(Data)

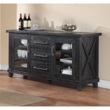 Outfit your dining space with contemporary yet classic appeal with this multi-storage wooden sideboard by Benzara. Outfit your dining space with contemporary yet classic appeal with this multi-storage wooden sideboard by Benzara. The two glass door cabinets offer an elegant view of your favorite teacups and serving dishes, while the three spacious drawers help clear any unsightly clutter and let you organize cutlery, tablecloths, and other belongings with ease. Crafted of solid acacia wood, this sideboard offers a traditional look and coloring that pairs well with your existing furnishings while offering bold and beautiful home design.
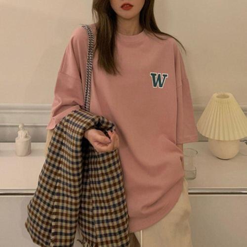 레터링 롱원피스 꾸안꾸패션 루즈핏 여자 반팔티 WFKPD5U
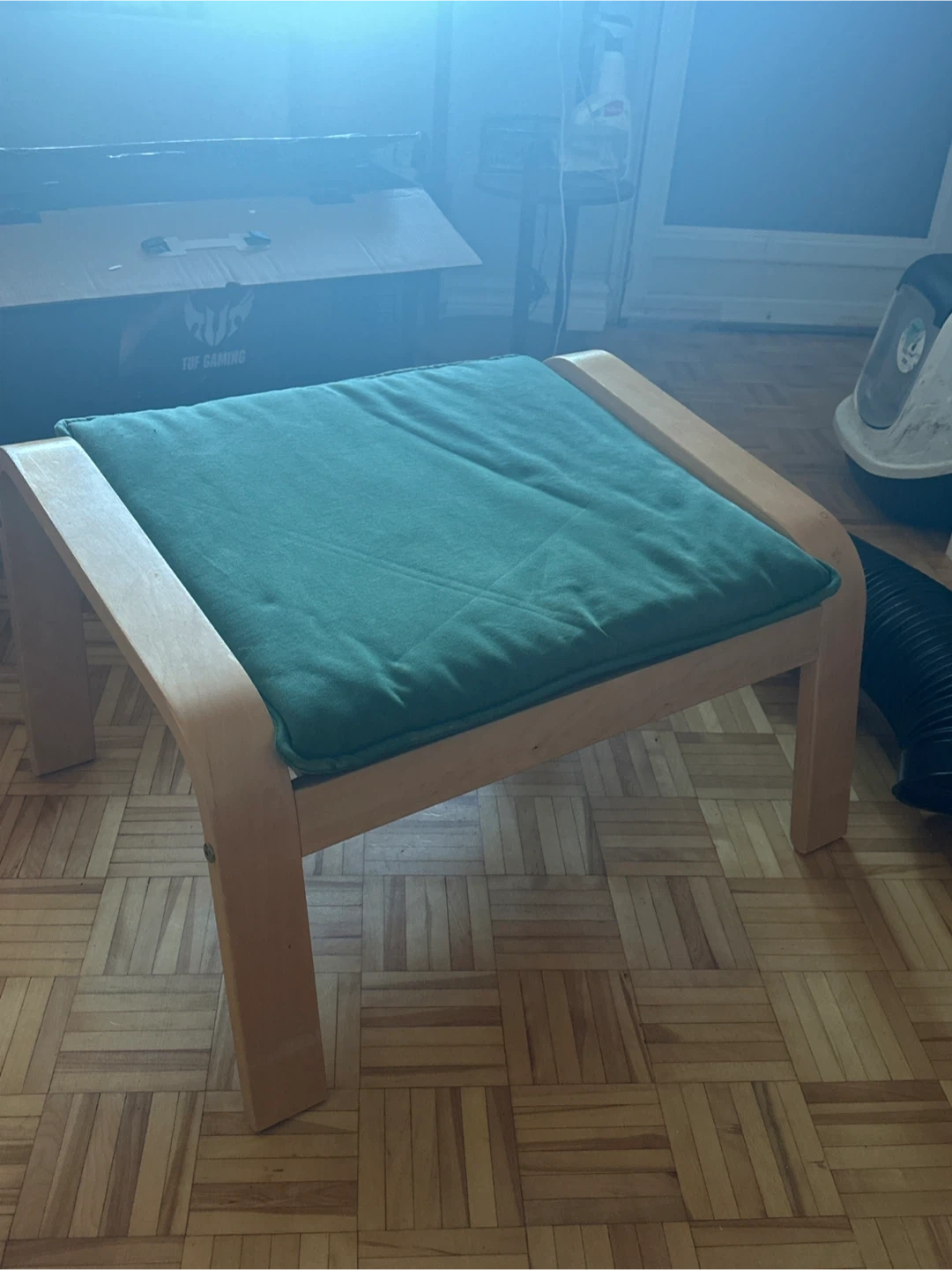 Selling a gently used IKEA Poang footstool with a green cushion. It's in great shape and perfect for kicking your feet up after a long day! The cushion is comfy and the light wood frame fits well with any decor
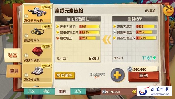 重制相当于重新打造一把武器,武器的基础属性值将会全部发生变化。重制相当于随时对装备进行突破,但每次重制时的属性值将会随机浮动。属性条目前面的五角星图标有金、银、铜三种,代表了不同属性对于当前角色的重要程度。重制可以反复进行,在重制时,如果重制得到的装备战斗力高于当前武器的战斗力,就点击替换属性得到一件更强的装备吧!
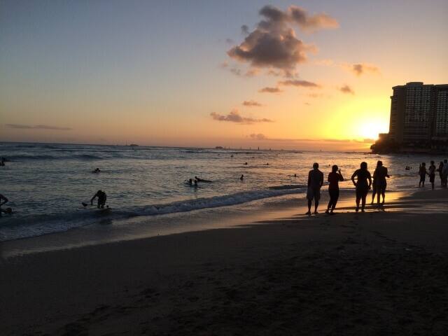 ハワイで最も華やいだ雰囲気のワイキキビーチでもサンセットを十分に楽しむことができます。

(End Data)
(Data)

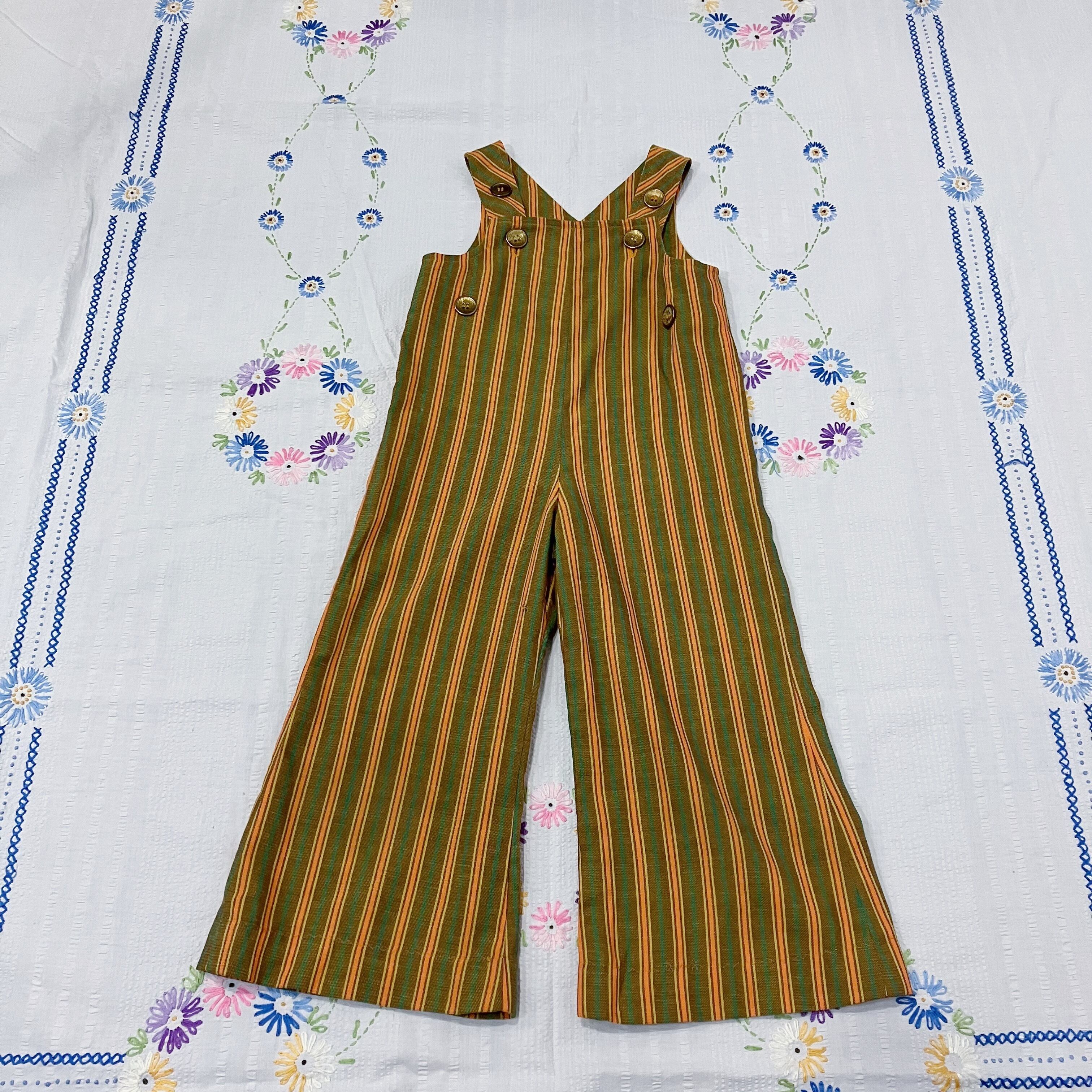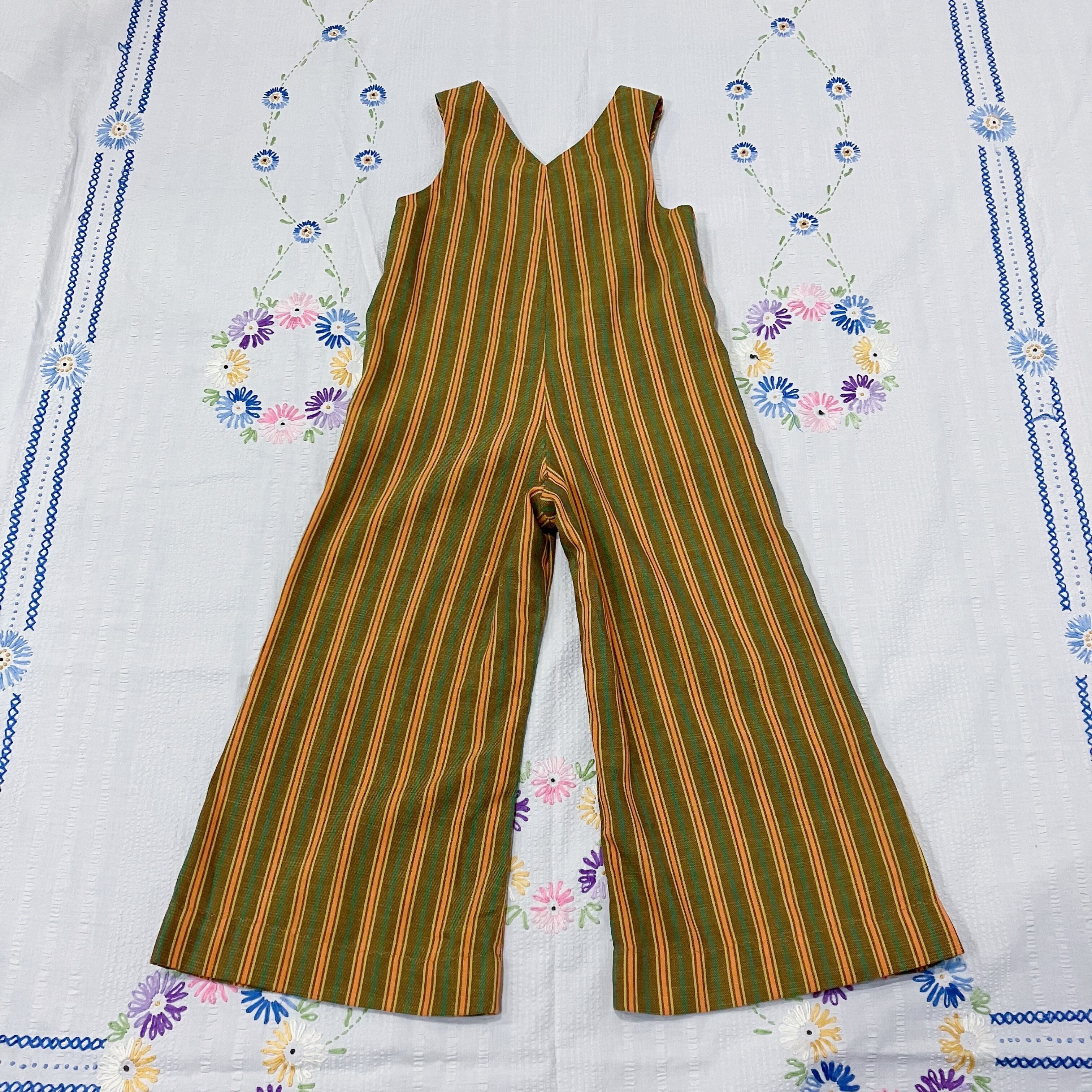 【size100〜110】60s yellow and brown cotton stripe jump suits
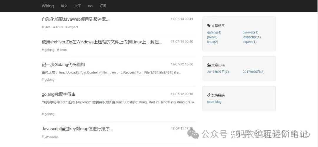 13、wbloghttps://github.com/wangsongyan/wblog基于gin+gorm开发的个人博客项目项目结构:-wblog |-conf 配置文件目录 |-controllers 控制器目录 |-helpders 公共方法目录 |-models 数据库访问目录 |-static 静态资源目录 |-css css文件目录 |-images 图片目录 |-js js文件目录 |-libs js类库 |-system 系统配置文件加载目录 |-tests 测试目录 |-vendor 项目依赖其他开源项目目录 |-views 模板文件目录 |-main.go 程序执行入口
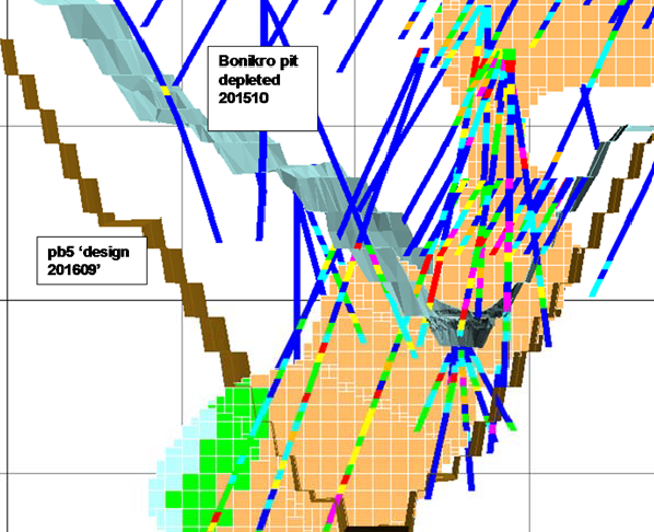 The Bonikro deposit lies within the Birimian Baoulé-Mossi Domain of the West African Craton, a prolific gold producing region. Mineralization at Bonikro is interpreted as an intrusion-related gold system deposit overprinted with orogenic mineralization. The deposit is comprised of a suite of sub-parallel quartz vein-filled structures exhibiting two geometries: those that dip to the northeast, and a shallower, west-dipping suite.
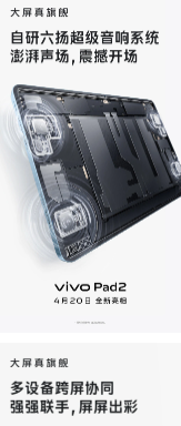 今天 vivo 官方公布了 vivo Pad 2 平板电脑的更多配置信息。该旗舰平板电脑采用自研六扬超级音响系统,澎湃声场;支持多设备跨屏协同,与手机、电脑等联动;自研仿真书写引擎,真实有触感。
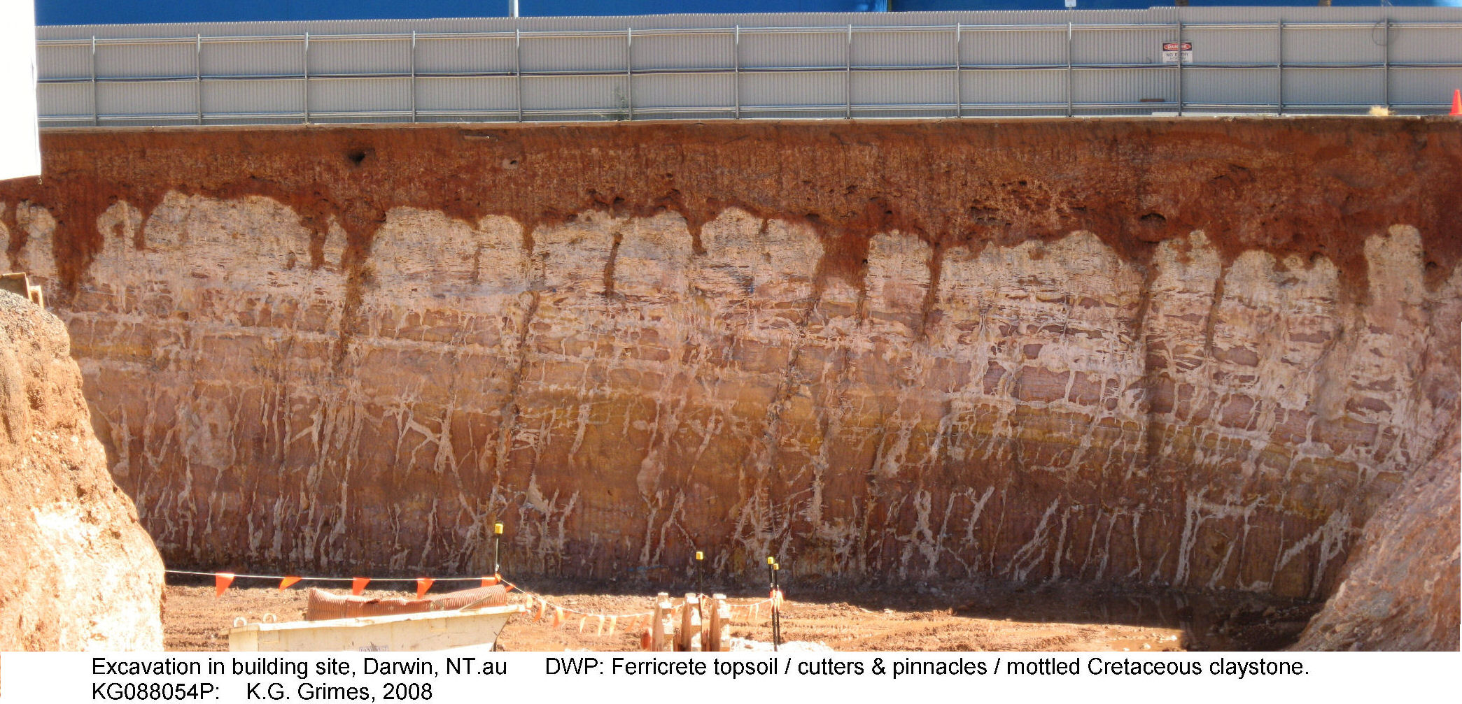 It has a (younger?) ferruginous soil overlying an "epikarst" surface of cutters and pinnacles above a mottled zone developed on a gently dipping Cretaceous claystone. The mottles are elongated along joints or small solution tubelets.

(End Data)
(Data)

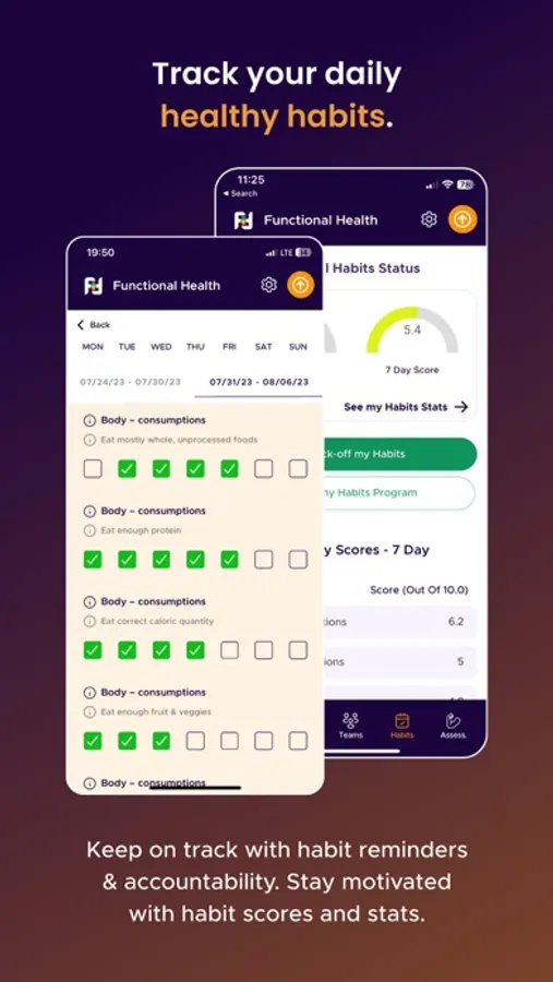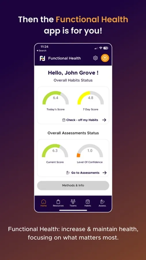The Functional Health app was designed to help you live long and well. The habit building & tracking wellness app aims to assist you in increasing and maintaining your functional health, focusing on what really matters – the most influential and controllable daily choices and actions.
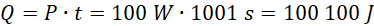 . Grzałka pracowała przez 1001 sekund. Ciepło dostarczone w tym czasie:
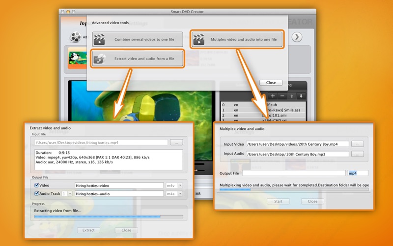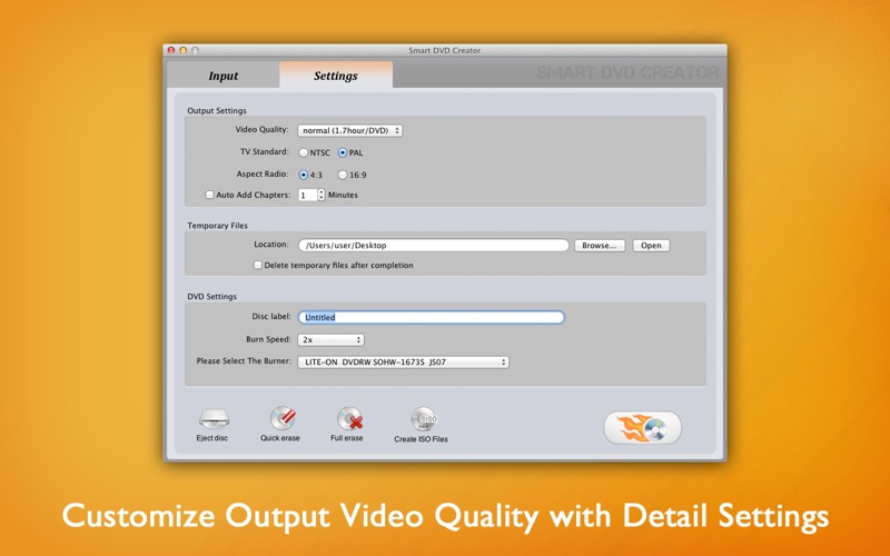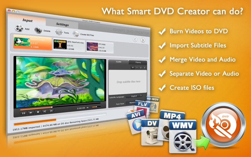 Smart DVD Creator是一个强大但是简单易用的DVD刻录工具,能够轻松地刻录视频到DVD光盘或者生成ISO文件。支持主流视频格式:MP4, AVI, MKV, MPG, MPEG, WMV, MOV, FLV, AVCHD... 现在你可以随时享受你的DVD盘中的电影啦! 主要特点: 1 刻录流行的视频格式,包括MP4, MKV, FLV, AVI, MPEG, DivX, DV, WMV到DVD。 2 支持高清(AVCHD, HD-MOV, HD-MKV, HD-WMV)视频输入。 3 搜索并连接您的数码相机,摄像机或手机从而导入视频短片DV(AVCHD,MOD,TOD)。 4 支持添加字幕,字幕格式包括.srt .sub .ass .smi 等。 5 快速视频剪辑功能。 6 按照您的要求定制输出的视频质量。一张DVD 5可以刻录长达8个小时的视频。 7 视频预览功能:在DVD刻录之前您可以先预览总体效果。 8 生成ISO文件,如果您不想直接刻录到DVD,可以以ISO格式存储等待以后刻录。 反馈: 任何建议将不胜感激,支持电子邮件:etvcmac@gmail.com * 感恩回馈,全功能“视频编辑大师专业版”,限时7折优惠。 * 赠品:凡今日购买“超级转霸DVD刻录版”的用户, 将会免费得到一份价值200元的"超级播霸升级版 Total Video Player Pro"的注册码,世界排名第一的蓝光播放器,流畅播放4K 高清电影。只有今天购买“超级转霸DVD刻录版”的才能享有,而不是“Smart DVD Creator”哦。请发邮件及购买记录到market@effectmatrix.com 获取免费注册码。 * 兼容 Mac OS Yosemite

(End Data)

» Problem: From the listing above, restate verbatim the lines running from the one with "beautiful home design." through the one with "ハワイで最も華やいだ雰囲気の", inclusive, but not the pictures.

» Exercise answer:
 Outfit your dining space with contemporary yet classic appeal with this multi-storage wooden sideboard by Benzara. Outfit your dining space with contemporary yet classic appeal with this multi-storage wooden sideboard by Benzara. The two glass door cabinets offer an elegant view of your favorite teacups and serving dishes, while the three spacious drawers help clear any unsightly clutter and let you organize cutlery, tablecloths, and other belongings with ease. Crafted of solid acacia wood, this sideboard offers a traditional look and coloring that pairs well with your existing furnishings while offering bold and beautiful home design.
 레터링 롱원피스 꾸안꾸패션 루즈핏 여자 반팔티 WFKPD5U
 Selling a gently used IKEA Poang footstool with a green cushion. It's in great shape and perfect for kicking your feet up after a long day! The cushion is comfy and the light wood frame fits well with any decor
 重制相当于重新打造一把武器,武器的基础属性值将会全部发生变化。重制相当于随时对装备进行突破,但每次重制时的属性值将会随机浮动。属性条目前面的五角星图标有金、银、铜三种,代表了不同属性对于当前角色的重要程度。重制可以反复进行,在重制时,如果重制得到的装备战斗力高于当前武器的战斗力,就点击替换属性得到一件更强的装备吧!
 ハワイで最も華やいだ雰囲気のワイキキビーチでもサンセットを十分に楽しむことができます。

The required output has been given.